## What is needed
Exact copy, pictures omitted: the line holding "지퍼와 스냅 버튼을 결합한" and every line after it down to the end of the entries.

┄┄┄┄┄┄┄┄┄┄

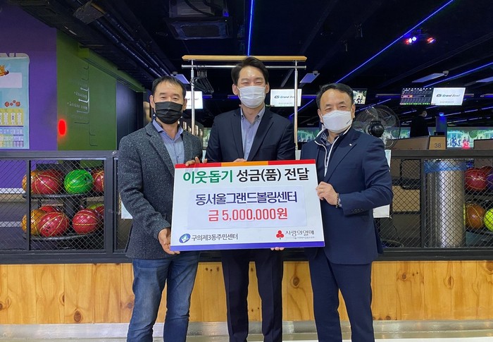 서울 광진구 구의3동 주민센터가 최근 동서울그랜드볼링센터로부터 어려운 이웃을 위한 성금 500만원을 기탁받았다. 동서울그랜드볼링센터는 2016년부터 지역내 저소득층을 위해 볼링양말 판매 수익금을 매년 후원하는 등 따뜻한 선행을 지속해왔다. 사진은 관계자들이 기념촬영을 하는 모습. (사진제공=광진구청)
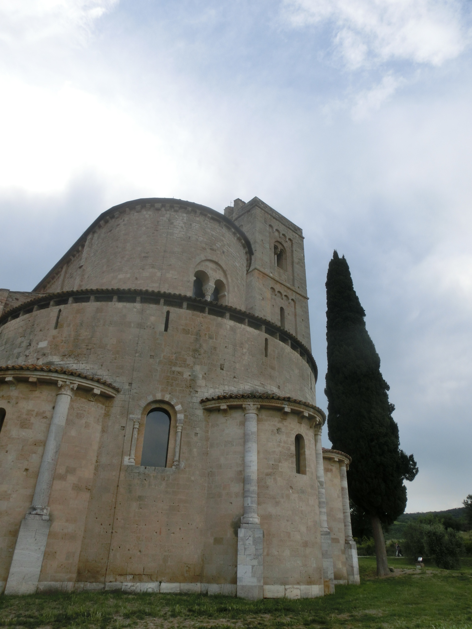 モンタルチーノから車で15分程度、、山々とチプレッソ(糸杉)そしてオリーブが点在する緑の平野にひっそりと佇むのが、このサンタンティモ修道院。TOPの写真は教会の後ろ= 後陣と鐘楼の後ろ側ですが、どこから来てもまずは後ろ側から教会を見ることになります。ここから道はぐるっと教会の左側を回りますが、目の前に広がる草原に駆けたくなったら草原から入って後ろから眺めるも良し、まずはやっぱり正面に回って中に入ってみるのも良し。
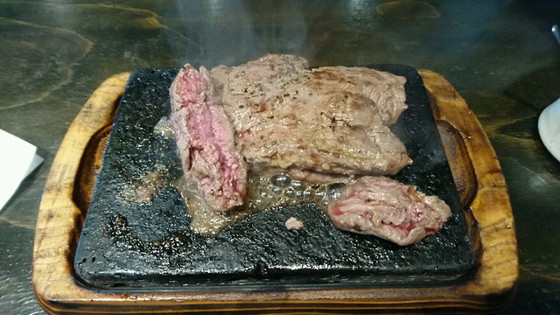 セルフのサラダとご飯&スープ。調味料も豊富で、刻みワサビとにんにくがGOODでした。焼き加減はレア。溶岩の上で好みの焼き加減にしていただきました。
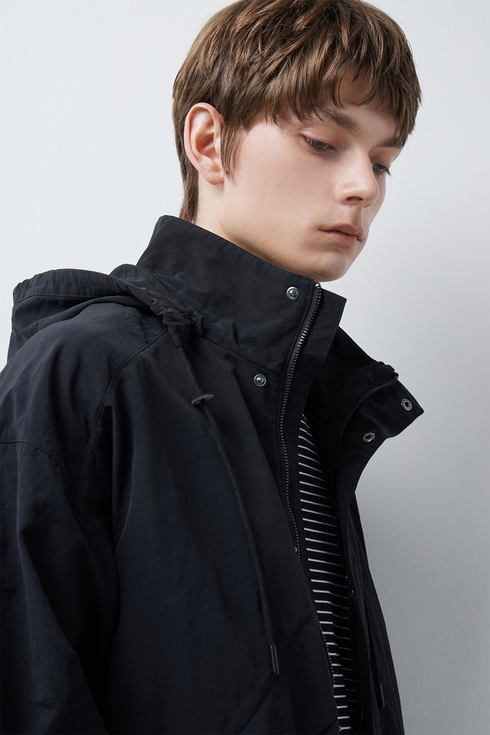 지퍼와 스냅 버튼을 결합한 이중 여밈 구조와 탈착 가능한 후드를 통해 기온 변화에 유연하게 대응할 수 있습니다. 여유 있는 오버사이즈 실루엣으로 설계되어 다양한 이너와 함께 편안한 레이어링이 가능합니다.
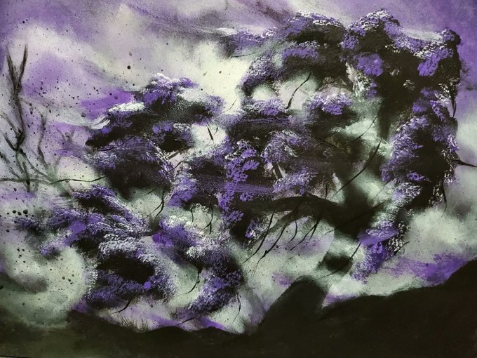 #art #painting #paintingoftheday #gouache #gouachepainting #purple #forest #landscape

┄┄┄┄┄┄┄┄┄┄

## Result of the task
 지퍼와 스냅 버튼을 결합한 이중 여밈 구조와 탈착 가능한 후드를 통해 기온 변화에 유연하게 대응할 수 있습니다. 여유 있는 오버사이즈 실루엣으로 설계되어 다양한 이너와 함께 편안한 레이어링이 가능합니다.
 #art #painting #paintingoftheday #gouache #gouachepainting #purple #forest #landscape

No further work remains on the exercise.